Monday, December 17, 2012

Winter break

Well, yesterday marked the end of my most recent semester. I was in charge of putting our paper through TurnItIn, reviewing the report, and submitting to our professor. It went terribly.

First, I ran the paper through TurnItIn and viewed the Similarity report. The web app was telling me the paper scored a 7% similar to its databases, but had nothing flagged in the paper. Commenting on it being weird to my wife, I downloaded the useless report and submitted the papers.

A few hours later, the rest of my team drew my attention back to the useless papers. Prompted by their concerns, I returned to TurnItIn and scanned around the app's interface. As it turns out, you can toggle off the report display so that it just shows what you submitted. Pointless, as I already have the file I submitted. So I toggled it on, downloaded the less useless report and submitted it again.

After a few more hours, the team contacted me concerned that my whole post was missing. Back to the website, attach the files again, and post.

Today, I got home from work and checked my email and the class page. (Note it is now after the submission deadline.) My attention is drawn, at prompting from my team, to the fact that TurnItIn claims a 3% match to www.uspto.gov. This claim is really bizarre, as we don't even have a reference for uspto.gov in our paper.

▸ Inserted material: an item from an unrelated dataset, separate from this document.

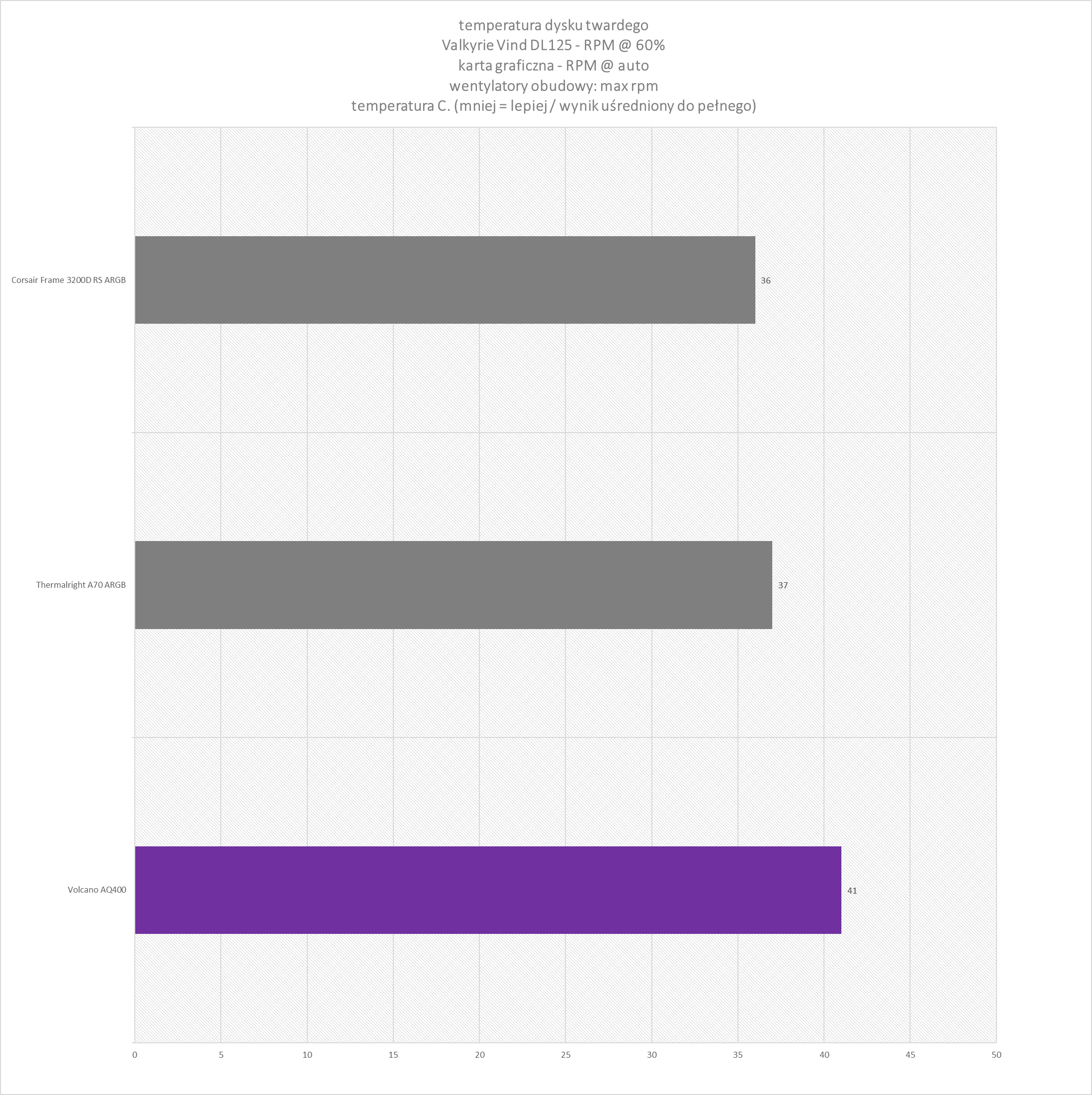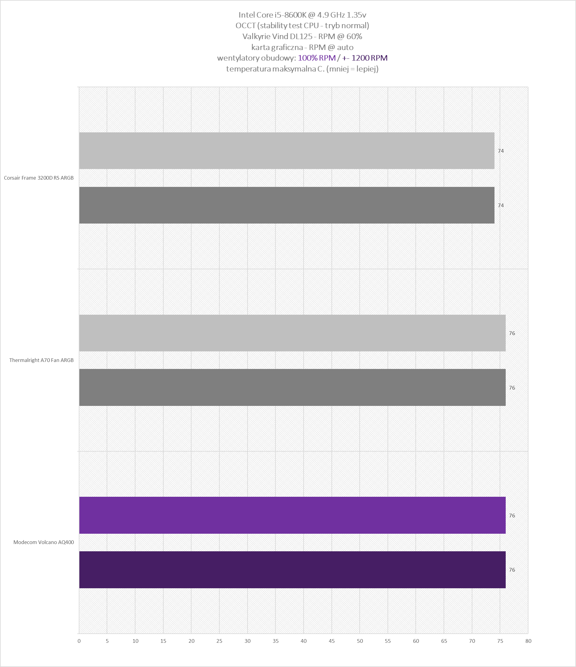 Takie podejście pozwala (tak uważam) ograniczyć wpływ samego chłodzenia CPU na wyniki i skupić się przede wszystkim na wydajności wentylatorów obudowy oraz jej konstrukcji.
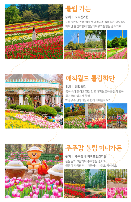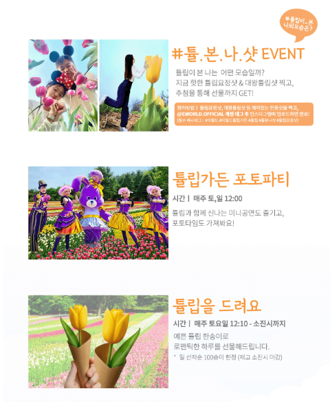 - 이월드 튤립축제 (4.5~27): 벚꽃 + 튤립 콜라보

Looking into it, the service is correct and we submitted a paper with two paragraphs ripped nearly word for word from this paper by the United States Patent and Trademark Office. Ridiculous.

In an attempt to save the team from my mistake, I have submitted the following amendment to my Self and Peer Evaluation concerning the paper to the professor.

I need to amend my evaluation.

There are two paragraphs that made it to the submitted TEAMNAME paper which are pulled almost verbatim from http://www.uspto.gov/about/vendor_info/current_acquisitions/sdi_ng/ocio_6016_10q.pdf without citation and without even a reference to www.uspto.gov.

I had felt I was being harsh on TEAMMATE0 in what I turned it, but it was too light.

He did not attend the work planning, threw together a quick, plagiarized section which required significant maintenance to even look passable, and withdrew his support from any of the post-drafting collaboration.

That said, I was the one who ran the paper through turnitin. I did not catch the two paragraphs in time. TEAMMATE1, TEAMMATE2, and TEAMMATE3 attended the planning, communicated often, and carried out their assigned portions of the work. The failure to prevent the plagiarized paragraphs from making it to submission was on me. My first paper had a 10% score overall, and 9% to SCHOOL papers that I never had seen, so it made me lose any faith I had in the turnitin system, so I didn't delve into what the 7% score was. I didn't trust the scanner, so all I concerned myself with was making sure that the paper didn't hit the 15% threshold.

The majority of the TEAMNAME group performed their responsibilities to satisfaction and deserve to have their grade based on the merit of the writing. The blame for the Internet and User Furnished Device Policy sections falls to TEAMMATE0 for submitting it as his section and to me for not catching it during my review.